- [WORK TO BE COMPLETED]: Retype the lines of the material below, exactly and only, from the one containing "- Application BackstageViewControl를" through the last line, with pictures left out.

- [SUPPLIED INFORMATION]:

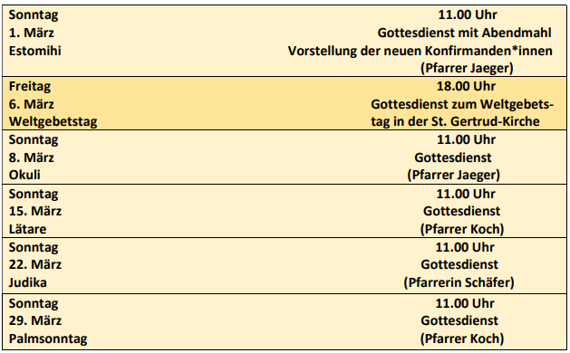 Gottesdienste im März 2026
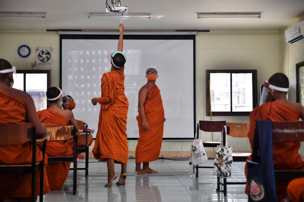 A novice monk wearing a face shield as a preventive measure against the spread of the COVID-19 coronavirus turns off a projector during religious studies at Wat Molilokkayaram Buddhist temple in Bangkok on April 20, 2020. Lillian SUWANRUMPHA / AFP
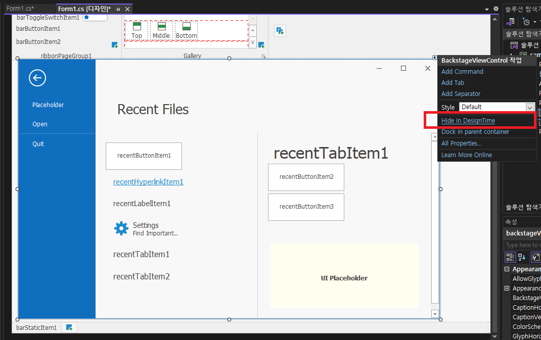 - Application BackstageViewControl를 않보이게 하고자 하실때는 아래와 같이 'Hide in DesignTime'를 선택합니다.
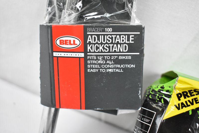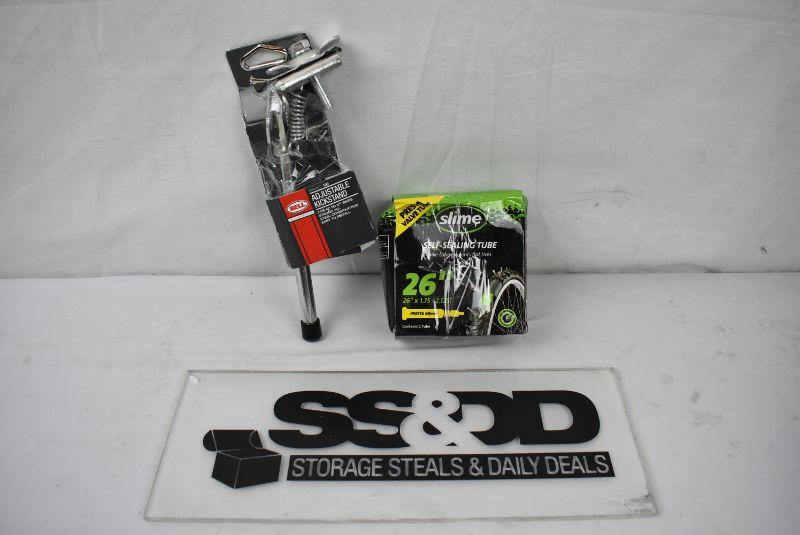 2 pc Bike Accessories: Bell Kickstand & 26" Slime Tube - Damaged Packaging - New

- [TASK ANSWER]:
 - Application BackstageViewControl를 않보이게 하고자 하실때는 아래와 같이 'Hide in DesignTime'를 선택합니다.
 2 pc Bike Accessories: Bell Kickstand & 26" Slime Tube - Damaged Packaging - New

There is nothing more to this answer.